Every company that uses Puppet eventually gets to the stage in their development where they want to store “secrets” within Puppet. Usually (hopefully!) your Puppet manifests and data will be stored in version control in plaintext and therefore adding these secrets to your manifests has some clear security concerns which need to be addressed.

You could just restrict the data to a few select people, and have it in a separate control repo, but at the end of the day, your secrets will still be in plaintext and you’re at the mercy of your version control ACLs.

Fortunately, a bunch of very smart people came across this problem a while ago and gave us the solutions we need to be able to solve the problem.

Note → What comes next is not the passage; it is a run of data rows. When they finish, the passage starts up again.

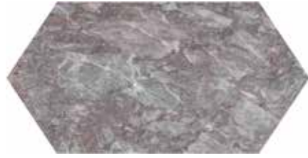
24 in / 60 cm Picket Honed 5000-0654-0
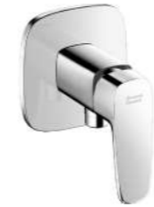
Exposed Shower Mono FFAS1726-701500BTO
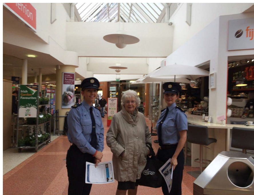
Community Gardaí interacting with and distributing Crime Prevention leaflets to members of the Community at Merrion Shopping Centre, Dublin.
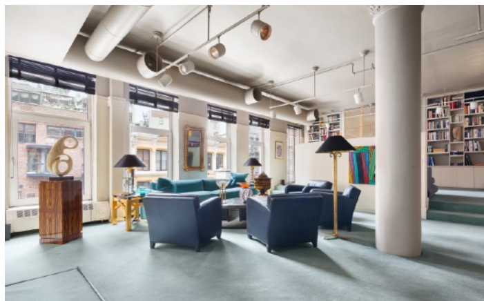
NEW PRICE! Grandly Scaled Pre-War Loft Awaits Your Touch

250 West Street TriBeCa 2-3 bedrooms $5,250,000
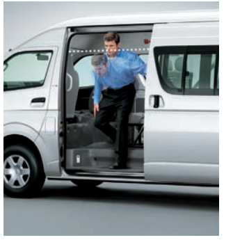
As well as having plenty of space inside, the Minibus side door has been designed with ample head room for easy entry and exit.
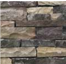
BENT CREEK BLEND
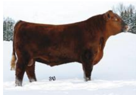
Maternal Brother DIAMOND T HIPS STOUT
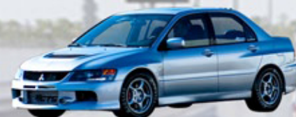
Modern Automotive Performance Mitsubishi EVO
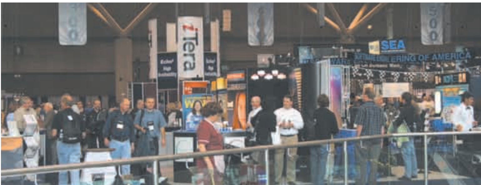
Over 100 midrange exhibitors were on display at the COMMON Expo

system to have the POWER5 processor chip. This is also the forum where attendees have a chance to pose their questions to the IBM iSeries Executives. I was impressed by the candid responses to the questions that were asked. With the conclusion of the meeting, I visited the Expo and enjoyed the food at the reception. Sunday's publication of the CCD stated it is the "World's Largest iSeries-Related Expo". It was a great opportunity to meet with vendors and learn about their products. Talking to suppliers of some of the products used in our shop was an added benefit in strengthening a business relationship.

hiera-eyaml has been around a while now and gives you the capability to encrypt secrets stored in hiera. It provides an eyaml command line tool to make use of this, and will encrypt values for you using a pluggable backend. By default, it uses asymmetric encryption (PKCS#7) and will make any value indecipherable to anyone who has the key. You can see the example in the linked github repo, but for verbosity sake, it looks like this:

plain-property: You can see me

encrypted-property: >

In order to see the encrypted-property, you need to have access to the preshared key you used to encrypt the value, which means you have to copy the pre-shared key to your master. This is fine if you’re a single user managing a small number of Puppetmasters, but as your team scales this actually introduces a security consideration.

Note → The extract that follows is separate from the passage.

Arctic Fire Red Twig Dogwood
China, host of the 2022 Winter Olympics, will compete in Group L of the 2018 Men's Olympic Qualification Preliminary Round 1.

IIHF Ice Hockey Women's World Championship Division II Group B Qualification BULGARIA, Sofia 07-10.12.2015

How do you pass the preshared key around? The more people that touch that key, the less secure it becomes. Distributing it to 20 odd people means that if a single user’s laptop is compromised, all your secrets will be under threat. Fortunately, there’s a better way of managing this which is facilitated by the plugin system hiera-eyaml supports, and the solution is hiera-eyaml-gpg

Using GPG Keys

The problem with hiera-eyaml-gpg is that the documentation only shows you how to set up hiera-eyaml-gpg, but you then have to go off and do a bunch of reading about how GPG keys work. If you already know how GPG keys work, skip ahead, this isn’t for you! If you don’t, let’s cover quickly how GPG keys work, and how this helps us solve the single key problem above.

Quick Overview

In a nutshell, GPG is a hybrid public and private key encryption system. In a bullet point format:

  • Each user or entity has a public and private key pair.
  • Public keys are used for encryption, private keys are used for decryption. Messages can be signed by encrypting a hash of the message using the sender’s private key, allowing the receiver to verify the integrity of the data by using the sender’s public key to decrypt the hash.
  • Private keys need to be kept secure by the owner.
  • Public keys need to be transferred reliably such that they cannot be altered, and substitute keys inserted.
  • You can encrypt data for multiple recipients, by using all of their public keys together. Any of them will be able to decrypt the data using their own private key.
  • A user can add a set of other user’s public keys to their GPG public keyring. Users create a “web of trust” by validating and signing user’s keys in their keyrings.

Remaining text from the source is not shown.